Book Review: Economics
Economics and Ideology and Other Essays by Ronald L Meek, (Chapman and Hall, 40s.)
Meek’s essays were originally written over the past twenty years, during which he changed from an orthodox supporter of the so-called Communist Party to the more ordinary kind of reformist, believing that the tendencies Marx saw for capitalism can, and have been, overcome by “social legislation, trade union activity, State intervention, etc.” But he still thinks there is somewhere a “socialist sector of the world”.

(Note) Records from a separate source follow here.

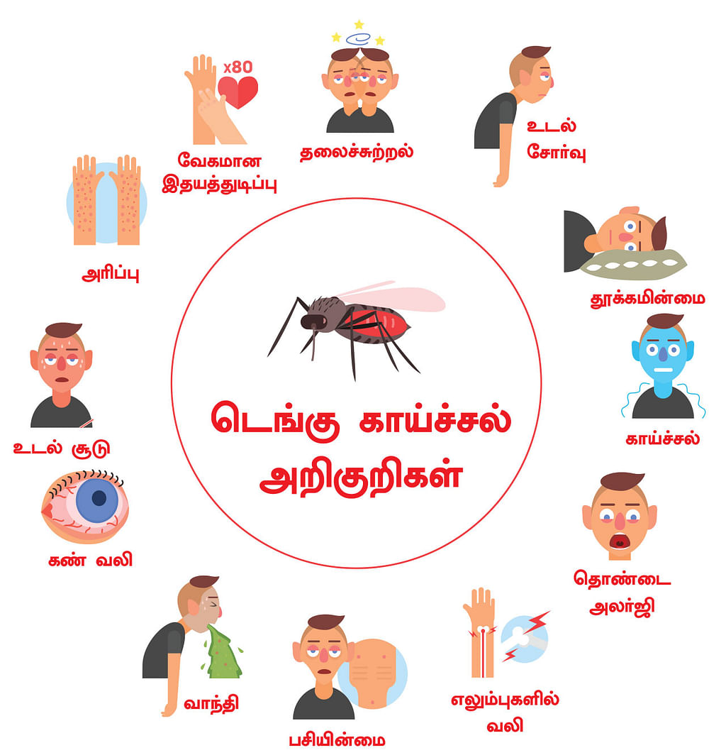 டெங்கு வந்தால், காய்ச்சல் அடிக்கும். கூடவே கண்களுக்குள்ளும் வயிற்றின் மேல் பகுதியிலும் வலி இருக்கும். டெங்கு காய்ச்சல் இரண்டு அல்லது மூன்று நாட்கள் இருந்து, நடுவில் ஒருநாள் இருக்காது. பிறகு மறுபடியும் காய்ச்சல் வரும். இந்தக் காய்ச்சலும் பெரும்பான்மையானவர்களுக்கு பெரியளவில் தொல்லைக் கொடுக்காது. மருத்துவரைப் பார்த்து மாத்திரை எடுத்துக்கொண்டாலே சரியாகி விடும்.
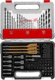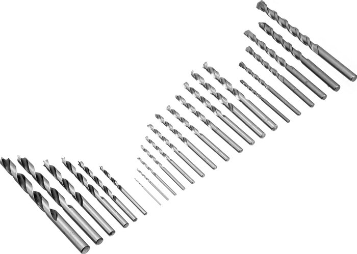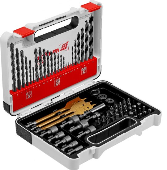 • Комплектация Сверло по металлу 1, 1,5, 2, 2,5, 3, 3,5, 4, 4,2, 4,5, 5, 5,5, 6 12 шт Сверло по бетону 3, 4, 5, 6, 7, 8 6 шт Сверло по дереву 3, 4, 5, 6, 7, 8 6 шт Бита 25 мм PH1, PH2, PH3, PZ1, PZ2, PZ3, SL4, SL5, SL6, TORX15, TORX20, TORX25, TORX27, TORX30, TORX35, HEX3, HEX4, HEX5, HEX6, HEX7 30 шт Головка торцевая 5, 6, 7, 8, 10, 11, 12, 13 8 шт Сверло перовое по дереву 16, 20,22 3 шт Стопорное кольцо 6, 8, 10 3 шт Зенковка по дереву 1 шт Адаптер для бит с магнитом 1 шт Ключ шестигранный 1 шт Пластиковый кейс 1 шт
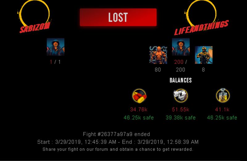 Check my latest fight ! sabizom vs lifeandthingssabizom (33)in #drugwars-fight • 7 years ago #gaming #fight #dw
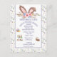 Les oreilles de lapin de Pâques avec des fleurs roses ornent le haut de cette invitation.
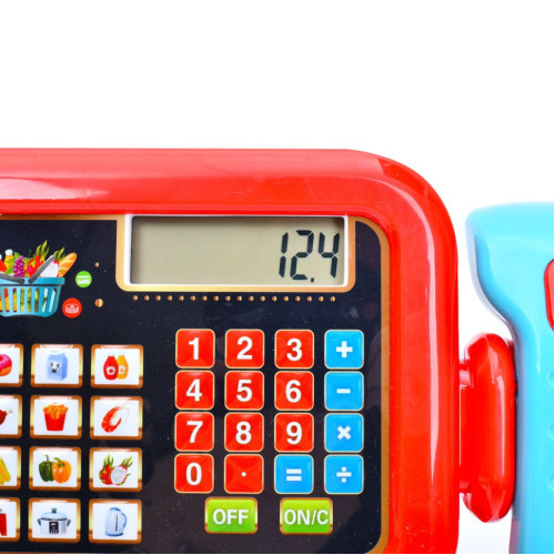 Сканер со светом и звуком: Оснащен игрушечным сканером, который при нажатии издает характерный звук и свет, имитируя сканирование товаров.
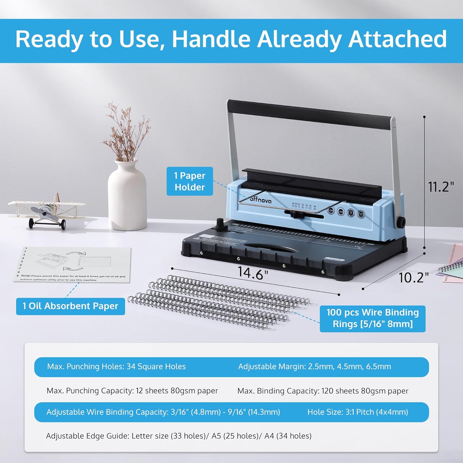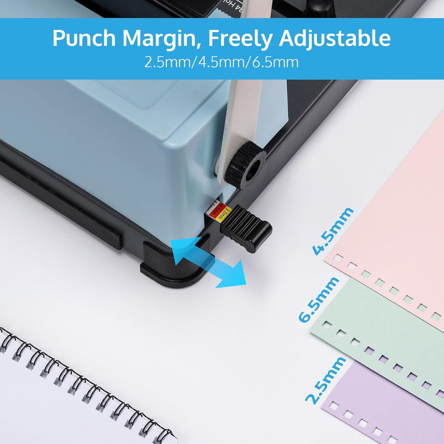 - Easy to Punch & Bind - The humanized longer handle allows you to cut papers with minimal force. Simply apply steady pressure to punch holes in up to 12 sheets or max binding 120 sheets at a time.
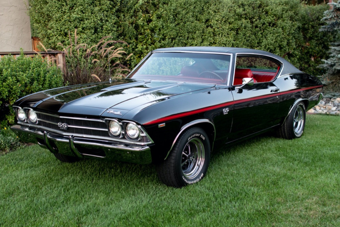 Chrome 15″ Magnum 500-style wheels wear SS center caps and 245/60 BFGoodrich white-letter tires. Black paint loss is noted on the inner wheels, and the seller notes that the radio antenna is bent. A
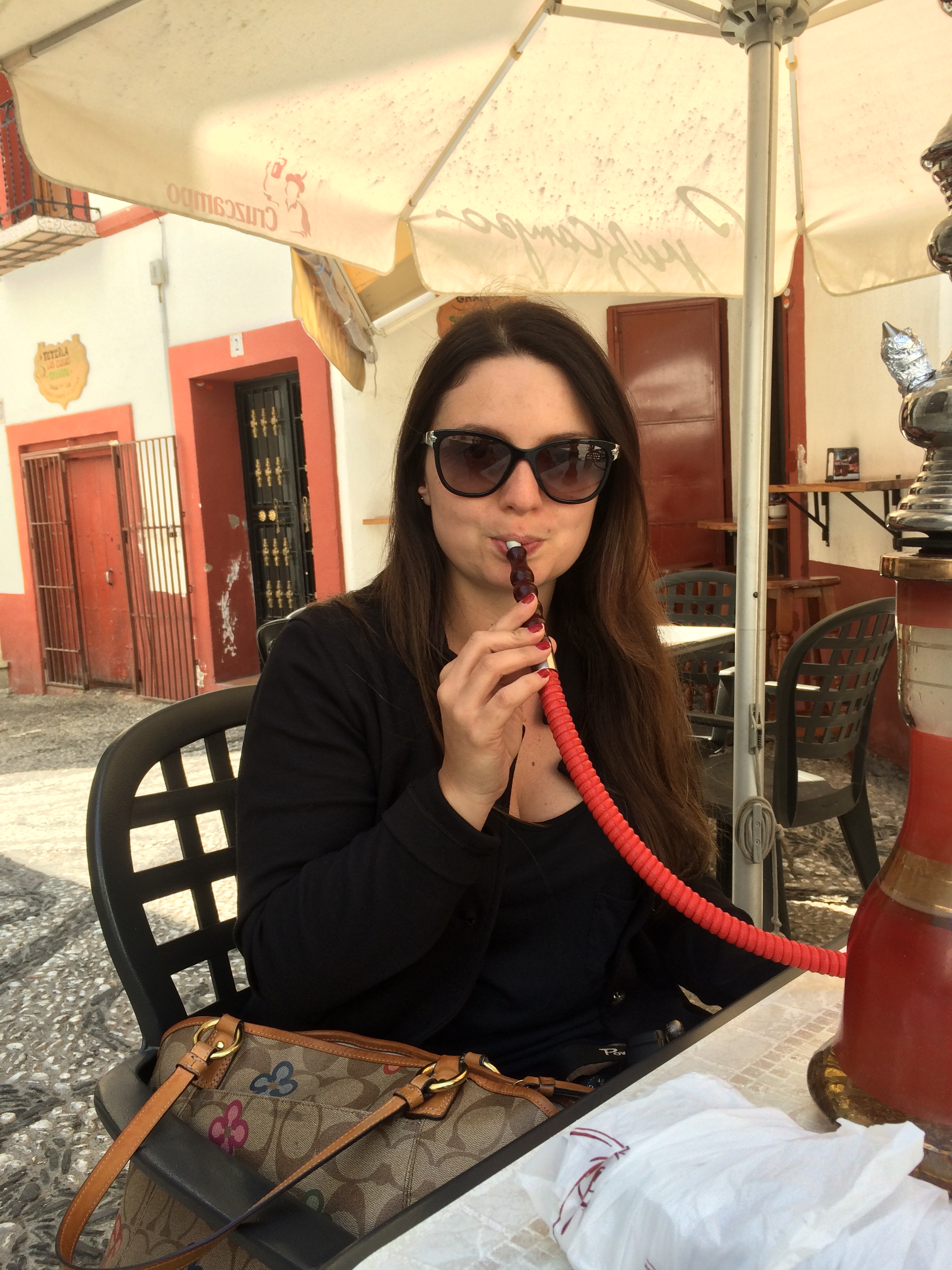 Há várias, escolha a que mais gostar e desfrute, pesquisei uma seleçao no Google aqui. Escolhemos a Tetería Alibaba para a hora do almoço poque ficava em uma pracinha, a Plazeta San Gonzalo, na porta da Igreja de mesmo nome, em um lugar bem tranquilo e protegido dos turistas.
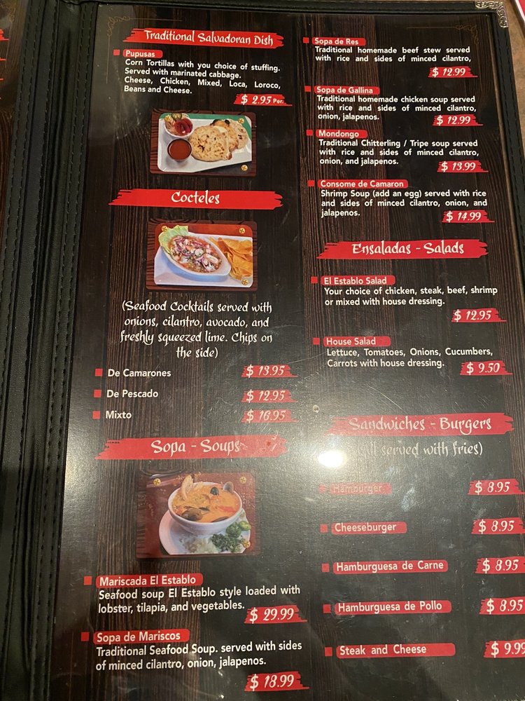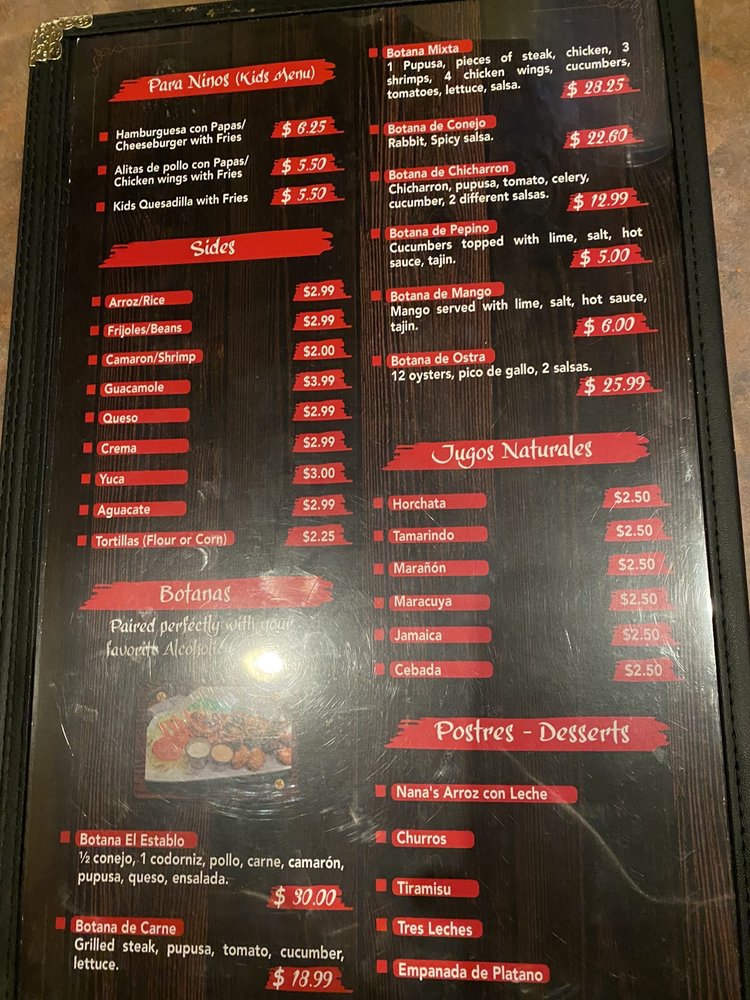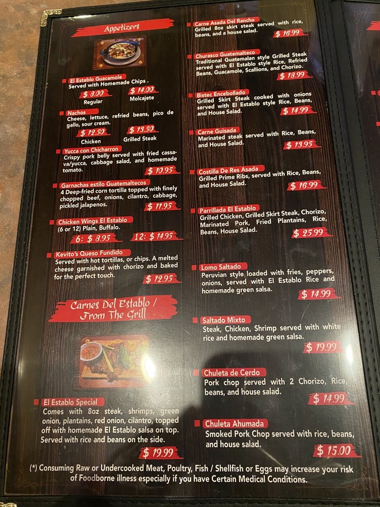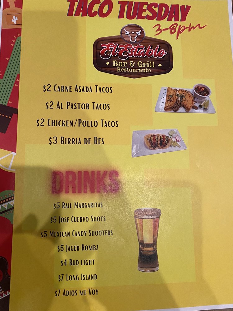 Introducing the Tex-Mex gem, El Establo Bar & Grill, located in Manassas, VA. This vibrant spot offers a wide range of appetizers, including the must-try El Establo Guacamole with homemade chips and the flavorful Nachos topped with cheese, lettuce, and more. For a unique twist, try the Yucca Con Chicarron or the Garnachas estilo Guatemaltecos. You can also indulge in their delicious Pupusas and refreshing Ceviches. Customers rave about the birria tacos, highlighting the tender meat and flavorful consommé. The restaurant's ambiance and friendly service make it a perfect spot to enjoy a casual meal with friends. Don't miss out on trying their signature cocktails recommended by their knowledgeable bartender. El Establo Bar & Grill is a great choice for those craving a taste of Tex-Mex delights in a lively setting.

Nevertheless, Meek knows his Adam Smith and Ricardo as well as his Marx. Classical Political Economy, on which Marx built, started its analysis from the relations men entered into when producing wealth and saw the distribution of the social product as between the classes of landowners, manufacturers and labourers. This led them to a labour theory of value. Meek, in his essay on the Scottish Historical School (of which Adam Smith was a member, for he was not just an economist) shows how they had evolved a materialist conception of history, similar to Marx’s, which saw productive and property relations as the basis of societies.
After Ricardo, by about 1830, bourgeois economic thinkers turned away from this approach and began to see economic activity from a businessman’s point of view. Why was this? Meek, following Marx, suggests that this was because the Ricardian labour theory of value implied that capitalism was based on the exploitation of the workers. This indeed was the conclusion drawn by men like Hodgskin and William Thompson. Marx ironed out the inconsistencies in their theories (chiefly by distinguishing between “labour” and “labour power”) and showed how the source of rent, interest and profit was the unpaid labour of the workers.
Meek claims that “it is obvious that the particular ‘laws of motion’ ” developed by Marx can no longer be used today as a guide to what is actually going to happen as capitalism develops further”. He takes these laws to be: the falling rate of profit, the increasing severity of cyclical crises, the concentration and centralization of capital, and the increasing misery of the working class. Only the third, he says, has been proved valid. However, it is open to question whether Marx expected the rate of profit to go on falling in practice (remember that it had been falling, and Marx was only trying to solve a problem which Adam Smith, Ricardo and others had already had a go at) and whether he even held that crises would get worse and worse (in any event this view has been rejected by Socialist Party of Great Britain). As for increasing misery, Meek argues that this means that the standard of living of workers would grow worse and worse. We cannot accept this and refer those interested to the discussion of the matter in the Socialist Standard of January 1957.
Though socialists cannot agree with all he writes. Meek is a Marx scholar worth reading.